The reply should hold only the lines below beginning at the one with "Fotografie: Slawonien, Kroatien, Juli" and ending at the one with "Dessous de plat", copied exactly, with every picture left out.

### Provided records:
■ ■ ■ ■

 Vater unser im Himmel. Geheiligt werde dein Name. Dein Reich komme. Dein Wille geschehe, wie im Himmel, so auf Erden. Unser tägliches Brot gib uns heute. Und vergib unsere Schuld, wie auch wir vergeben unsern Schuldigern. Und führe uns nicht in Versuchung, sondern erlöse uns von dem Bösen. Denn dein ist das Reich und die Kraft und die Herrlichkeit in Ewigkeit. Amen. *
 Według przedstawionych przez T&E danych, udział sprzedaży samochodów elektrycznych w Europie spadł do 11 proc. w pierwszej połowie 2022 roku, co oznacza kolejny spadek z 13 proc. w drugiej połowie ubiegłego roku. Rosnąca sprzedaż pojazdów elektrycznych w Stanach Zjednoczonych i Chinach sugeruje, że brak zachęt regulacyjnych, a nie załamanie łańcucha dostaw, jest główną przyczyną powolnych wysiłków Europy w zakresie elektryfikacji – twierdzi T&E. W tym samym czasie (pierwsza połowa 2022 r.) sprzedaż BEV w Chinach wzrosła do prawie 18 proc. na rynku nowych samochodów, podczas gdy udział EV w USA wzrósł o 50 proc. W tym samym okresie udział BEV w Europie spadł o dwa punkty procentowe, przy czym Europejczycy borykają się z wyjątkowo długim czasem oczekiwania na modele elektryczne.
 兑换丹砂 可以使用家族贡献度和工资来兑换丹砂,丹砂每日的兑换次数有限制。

■ ■ ■ ■

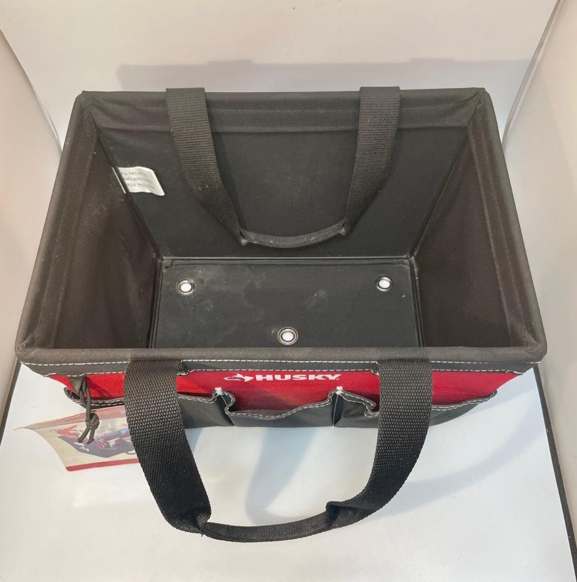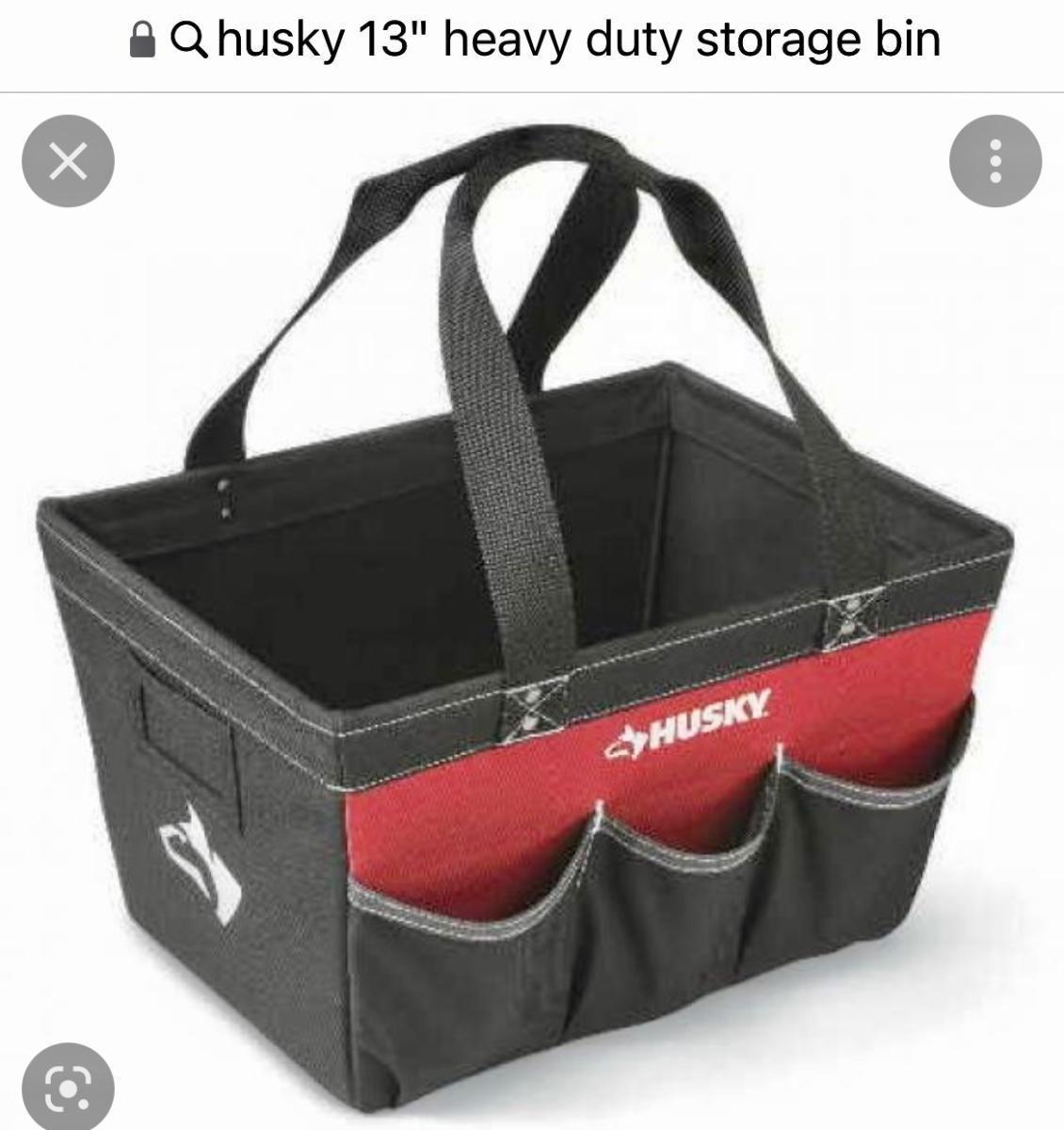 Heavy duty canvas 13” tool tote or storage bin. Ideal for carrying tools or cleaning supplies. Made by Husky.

■ ■ ■ ■

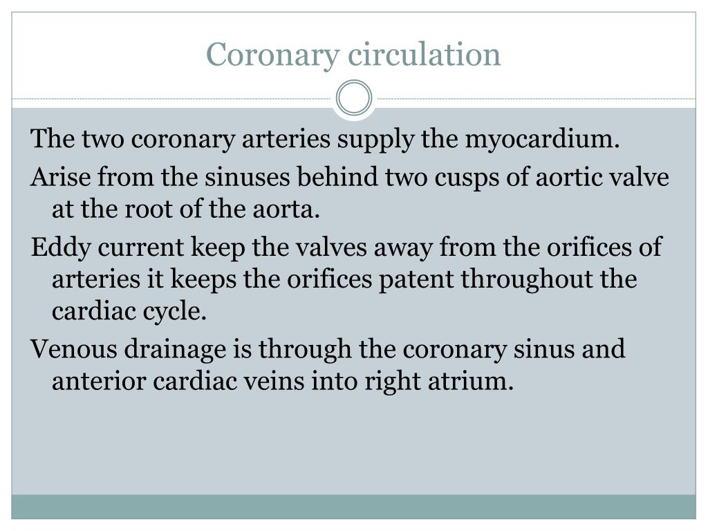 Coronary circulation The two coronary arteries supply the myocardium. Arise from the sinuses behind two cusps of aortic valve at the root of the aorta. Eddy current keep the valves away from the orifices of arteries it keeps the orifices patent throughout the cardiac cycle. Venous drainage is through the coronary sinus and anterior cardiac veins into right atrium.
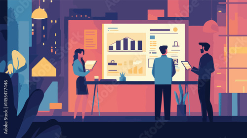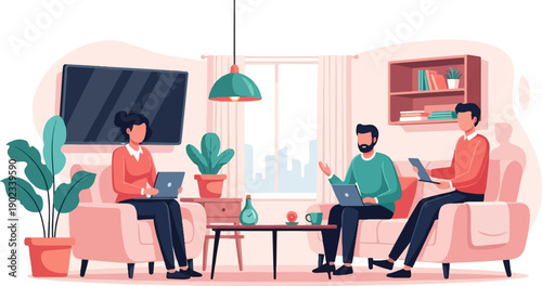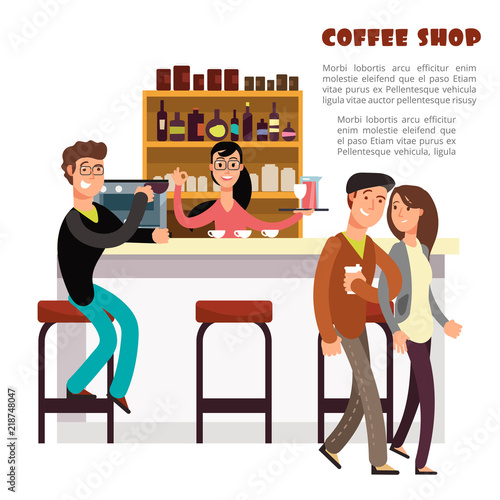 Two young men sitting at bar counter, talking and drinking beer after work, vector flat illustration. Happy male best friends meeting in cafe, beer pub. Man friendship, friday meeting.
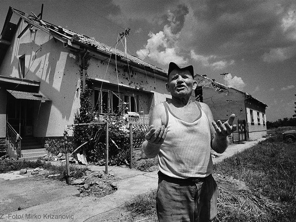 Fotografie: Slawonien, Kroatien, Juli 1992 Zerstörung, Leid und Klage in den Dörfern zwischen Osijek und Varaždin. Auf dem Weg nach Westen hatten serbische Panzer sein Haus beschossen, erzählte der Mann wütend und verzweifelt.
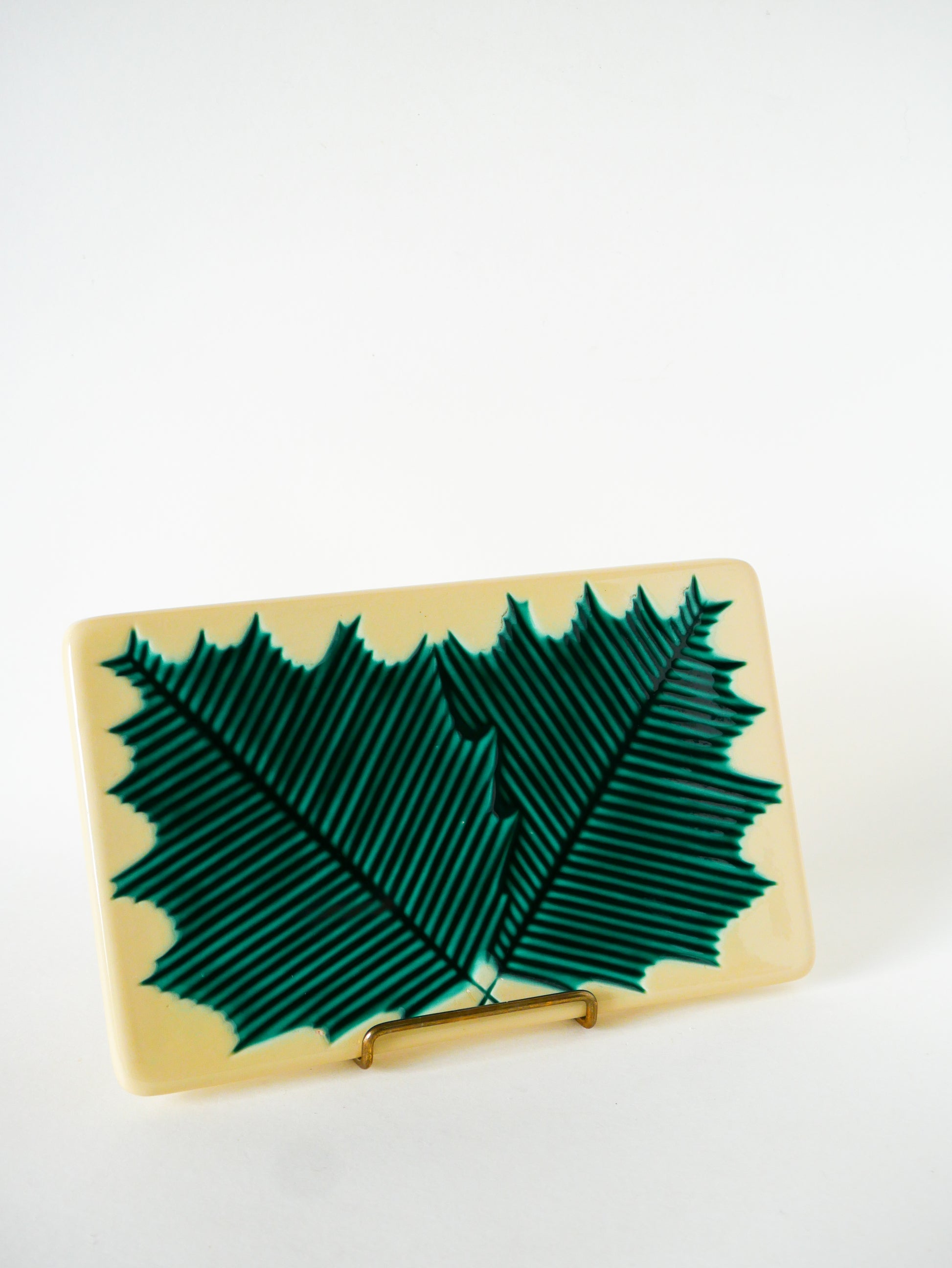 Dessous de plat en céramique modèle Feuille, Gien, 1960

■ ■ ■ ■

### Expected answer:
 Fotografie: Slawonien, Kroatien, Juli 1992 Zerstörung, Leid und Klage in den Dörfern zwischen Osijek und Varaždin. Auf dem Weg nach Westen hatten serbische Panzer sein Haus beschossen, erzählte der Mann wütend und verzweifelt.
 Dessous de plat en céramique modèle Feuille, Gien, 1960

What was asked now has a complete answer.